«у меня, кроме дочки, нет никого. у него есть всё, кроме дочки.
не скользнуть в ментальный водоворот рЫбине-оболочке
из часов золотых, что идут икс лет – равви ходики эти носит
иногда, работая на земле делателем колосьев.
у него, кроме слова, нет ничего. у меня есть всё, кроме слова.
оживить сверхновый индиговорд – богу не нужен повод.
даже ночью рутины невпроворот – обжигает горшки и души.
мы весною прячем его в киот бисерною игрушкой.
у меня, кроме веры, нет ничего. у него есть всё, кроме веры.
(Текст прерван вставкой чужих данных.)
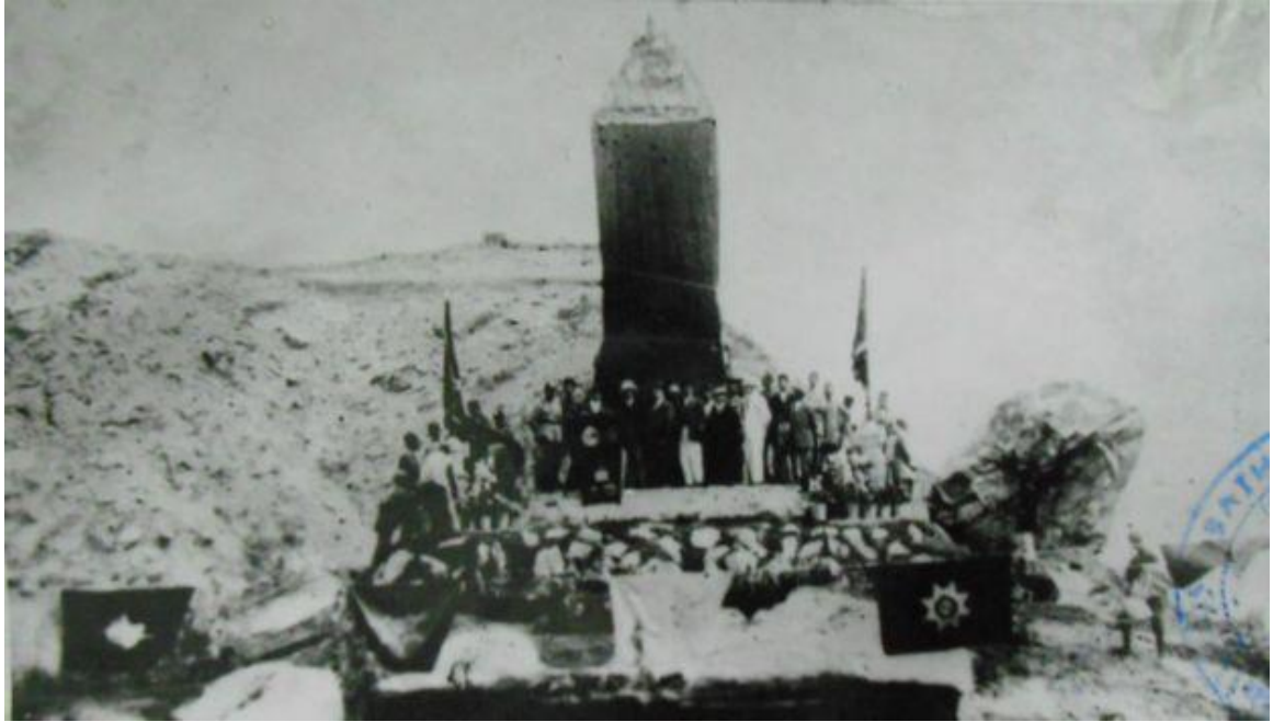
د علم او جهل څلی د پرانیستو په ورځ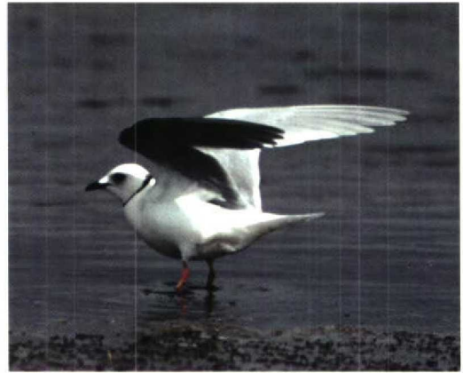
144 Bulwer's Petrel / Bulwers Stormvogel Bulweria bulwerii , Maasvlakte, Zuidholland, Netherlands, 21 August 1995 (Bernd de Bruijn) 145 Ross's Gull / Ross' Meeuw Rhodostethia rosea , Greatham Creek, Teesside, Cleveland, England, June 1995 (Robin Chittenden) 146 Least Sandpiper / Kleinste Strandloper Calidris minutilla , Sidlesham, West Sussex, England, July 1995 (Dave Stewart)

положил за други своя живот, смрадом дышал и серой.
серой мере не выпрыгнуть из себя. горе-копья судьбы всеобщей –
тополя – молчание серебрят: ропщут... на солнце ропщут.»
у меня, кроме зуба, нет ничего. у него есть всё, кроме зуба.
не скользнуть в ментальный шкуро-чулок вычищенной селЁдке,
приготовленной для раввина, который икс-лет, истово мобилизуя,
носит ходики на руке с гирьками и маятником посерёдке.
у него – на мои слова – нету слов, у меня же тех слов – тыщи,
оживляю сверхновый обсценноворд, а может и обсценновритер.
даже ночью, вставленный в амулет, зуб его соловьём свищет,
а его портрет – с рожками и ушами слона – в киоте лыбится хитро.
у меня, кроме веры, нет ничего, а ему я отбила веру,
заставляла «глистер» глотать – халитоз, и не было мочи!
что он клал в свой большой живот? – смрадом дышал, серой –
и амброзия сладко пылит, ропща, на сенокосилку ропщет.